Do they have any specific kind of plant preferences? If not, im just going to add some random plants that im picking up to the tank, to provide them with some hiding places if they so choose.


----------



## Guest (Oct 18, 2008)

They like algae wafers. I feed mine HBH Crab and Lobster bites too, which has calcium and stuff that they need. Make sure whatever you feed them doesn't have copper in it.

They like moss the most from what I can tell, but they will hang out in any plants you put in the tank.

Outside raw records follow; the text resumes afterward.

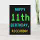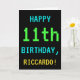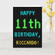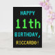 Este simples e divertido design de cartões de aniversário apresenta uma mensagem como "FELIZ 11 BIRTHDAY, RICCARDO!". Ele também apresenta uma aparência divertida e pontilhada que lembra a aparência de jogos de computador clássicos ou antigos dos anos 1980 e início dos anos 90. O nome na frente e a mensagem no dentro podem ser personalizados. Pode ser enviado ou dado a alguém que comemora o seu décimo primeiro aniversário e que gosta de jogar jogos de computador antigos. [~Z0000099]
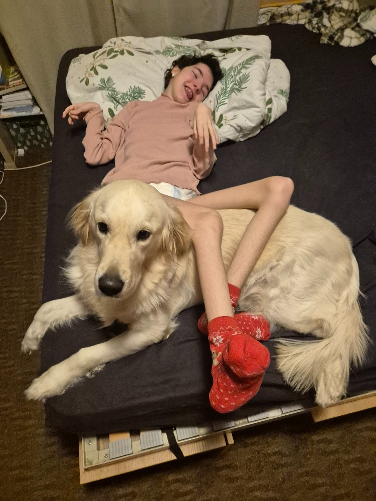Již při pobytu jsem měla pocit, že tak jako tenkrát u Eminky, přeskočila ta pomyslnná jiskra i u Marcinky. Od Kačenky se téměř nehnula, pořád ji sama od sebe olizovala ručičky či nožičky, vždy poznala,která strana je více spastická a k té si lehla. Čekala až se Kačenka přemístí z postele a hned nadšeně pracovala.
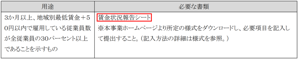 補助率2/3要件の変更・加点の追加に伴い、交付申請時の際に提出する賃金状況報告シートの様式が増えました。
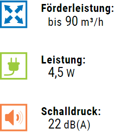 Zweistufiger Ventilator mit einer Förderleistung bis 90 m³/h.
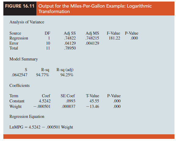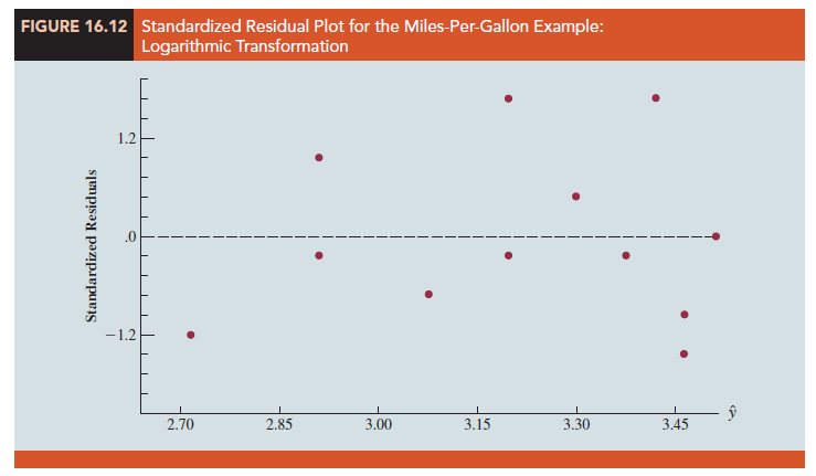 Often the problem of nonconstant variance can be corrected by transforming the dependent variable to a different scale. For instance, if we work with the logarithm of the dependent variable instead of the original dependent variable, the effect will be to compress the values of the dependent variable and thus diminish the effects of nonconstant variance. Most statistical packages provide the ability to apply logarithmic transformations using either the base 10 (common logarithm, log10) or the base e = 2.71828 (natural logarithm, ln). We applied a natural logarithmic transformation to the miles- per-gallon data and developed the estimated regression equation relating weight to the natural logarithm of miles-per-gallon. The regression results obtained by using the natural logarithm of miles-per-gallon as the dependent variable, labeled LnMPG in the output, are shown in Figure 16.11; Figure 16.12 is the corresponding standardized residual plot.
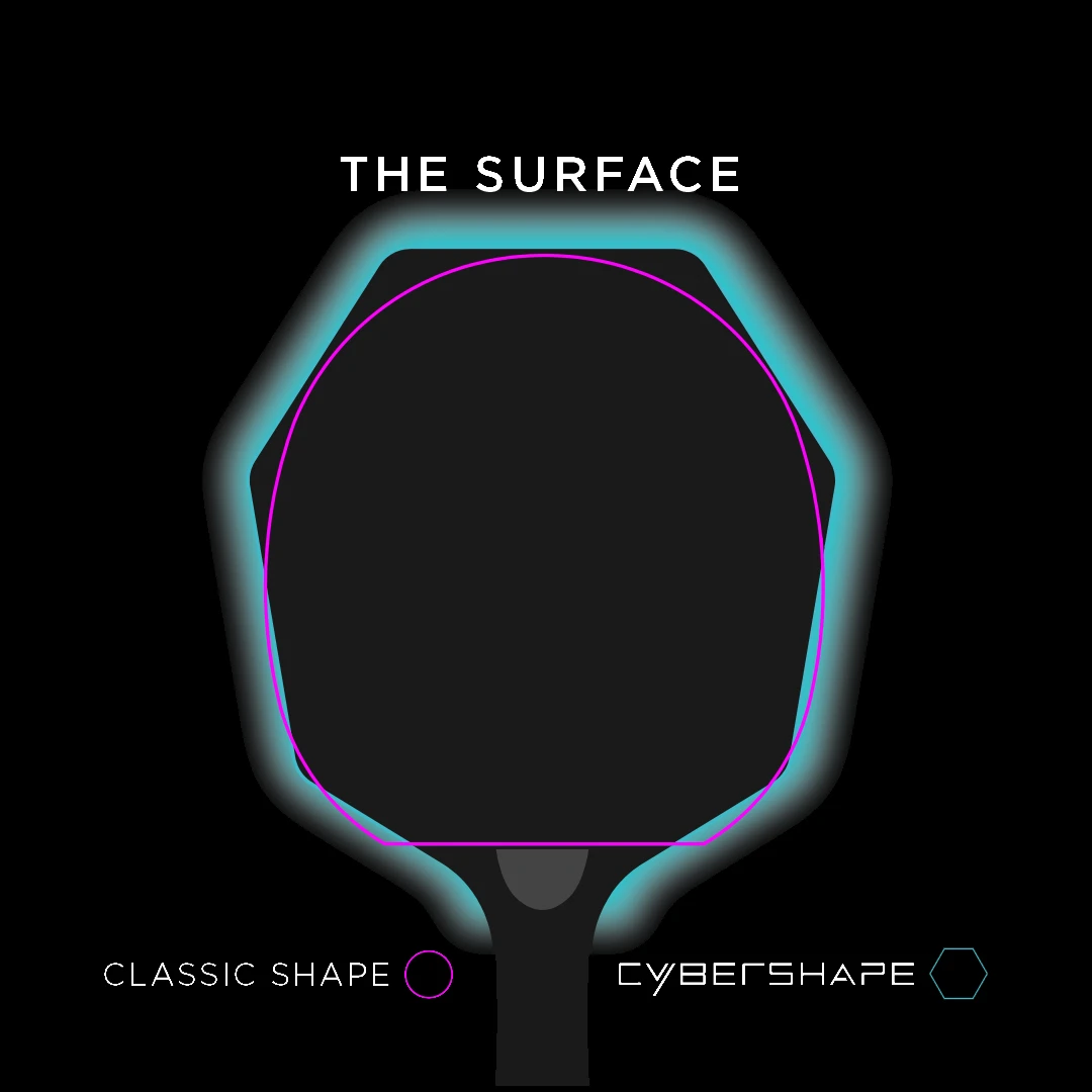 Nuestros estudios han demostrado que la zona óptima de golpeo se encuentra en la mitad superior de la hoja. Es por eso que hemos optimizado el área de golpe para que sea un 11% más grande para el agarre con la mano y un 9% más grande para el agarre con lápiz en comparación con una hoja tradicional.
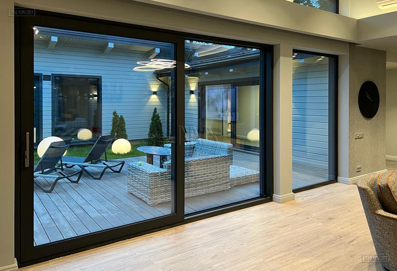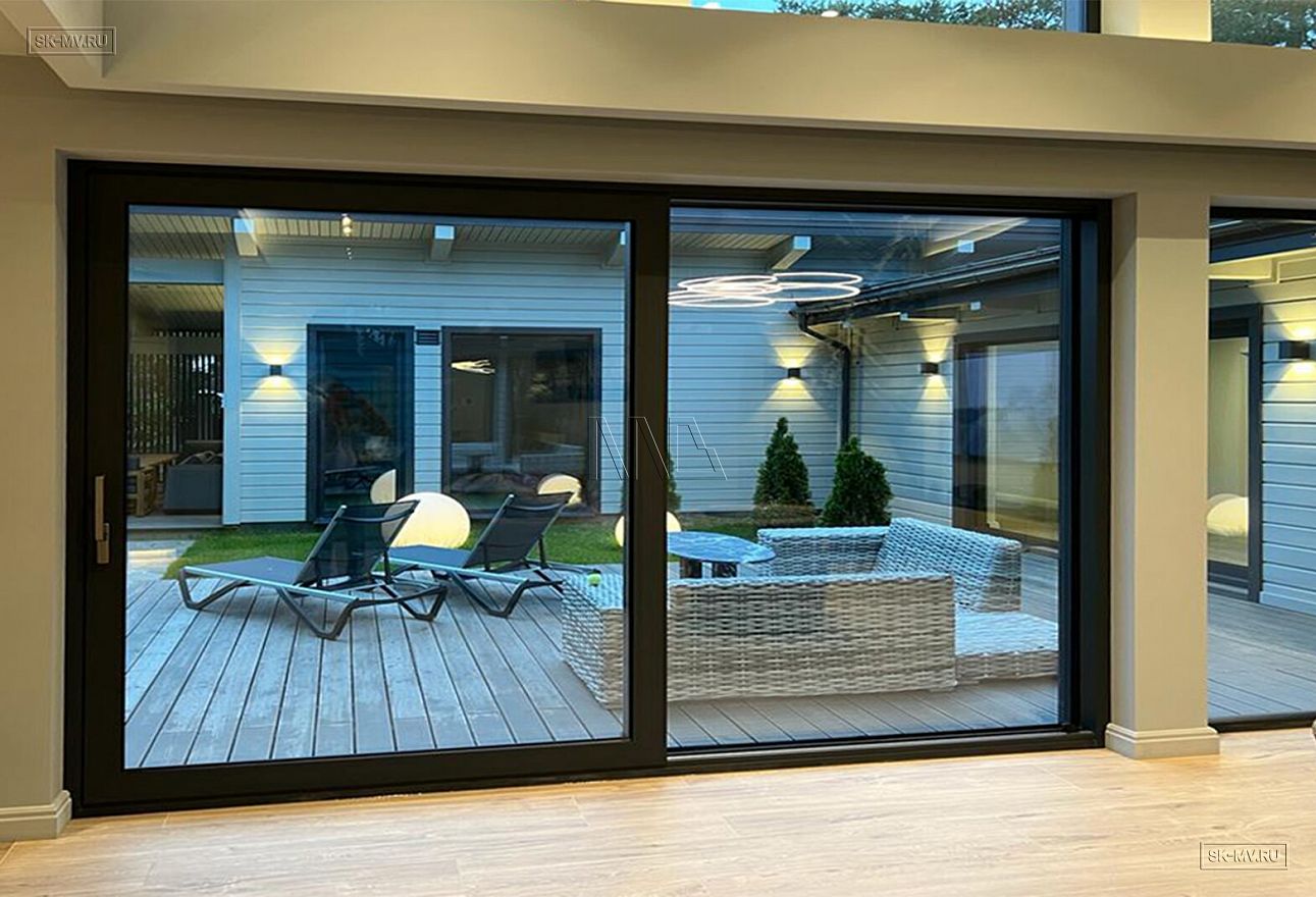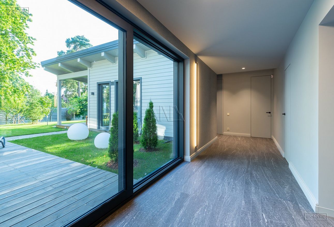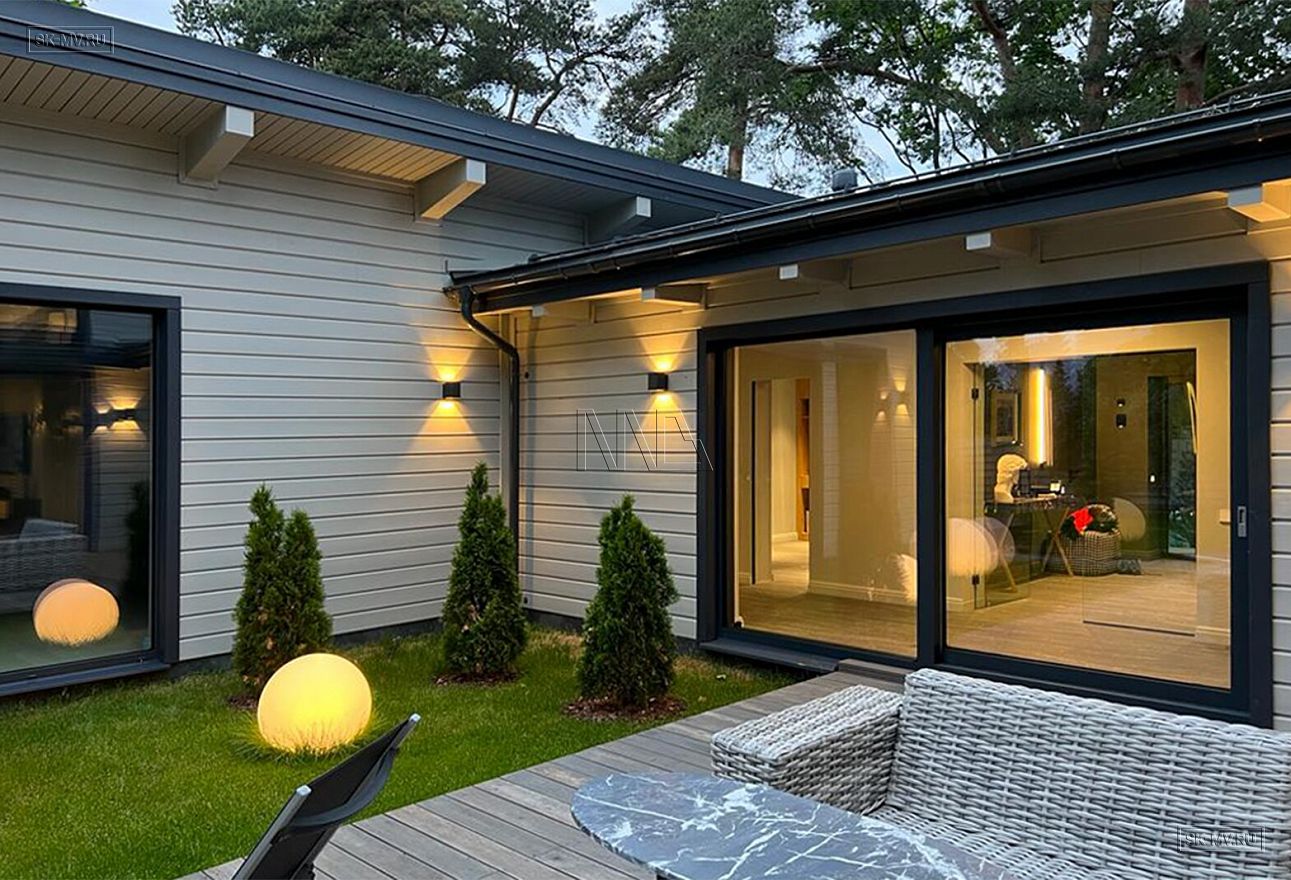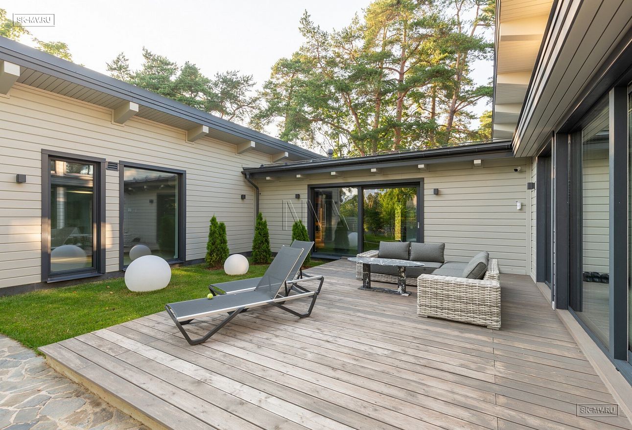 Дом построен в форме буквы П, что позволило создать уютный внутренний дворик-террасу. На террасу ведут большие раздвижные панорамные окна из гостиной-столовой.

Are you keeping them with fish?


----------



## ThatFishKid (Aug 9, 2008)

Mine love nibbling moss, and they tend to eat the bits of stuff that gets trapped on the moss as well. My shrimp are attracted like magnets to my riccia, but from what I have seen, riccia is usually tough to find. I got mine by accident mixed in with duckweed and watersprites.


----------



## Logicaly (Sep 28, 2008)

Mine will be kept with just 1 betta, who after I have been observing for almost a month now, I have no worries that he will leave them alone.

So maybe I should pick up some java moss for them. My only concern is that I know its such a fast growing plant, I didnt want it to over take my tank. I suppose though if I clip it regularly, I wont have that issue.


----------



## Guest (Oct 18, 2008)

If you have low lighting and you shade it a little, it won't grow fast. I have it in medium-ish lighting and its a bit shaded and I haven't had to trim or anything yet.


----------



## Logicaly (Sep 28, 2008)

Yes, at the moment it is a low lighting tank. However I am looking to adjust the lighting and increase it some more. As some of the other plants im adding may need it. Even my low light plants didnt originally do so well in the tank, so I want to make some adjustments so I dont have a repeat of dead plants.

That being said, I can always clip out my java moss and share it with my local plant community here in my area that im a member of if it does over take, so I guess its a moot point, haha.


----------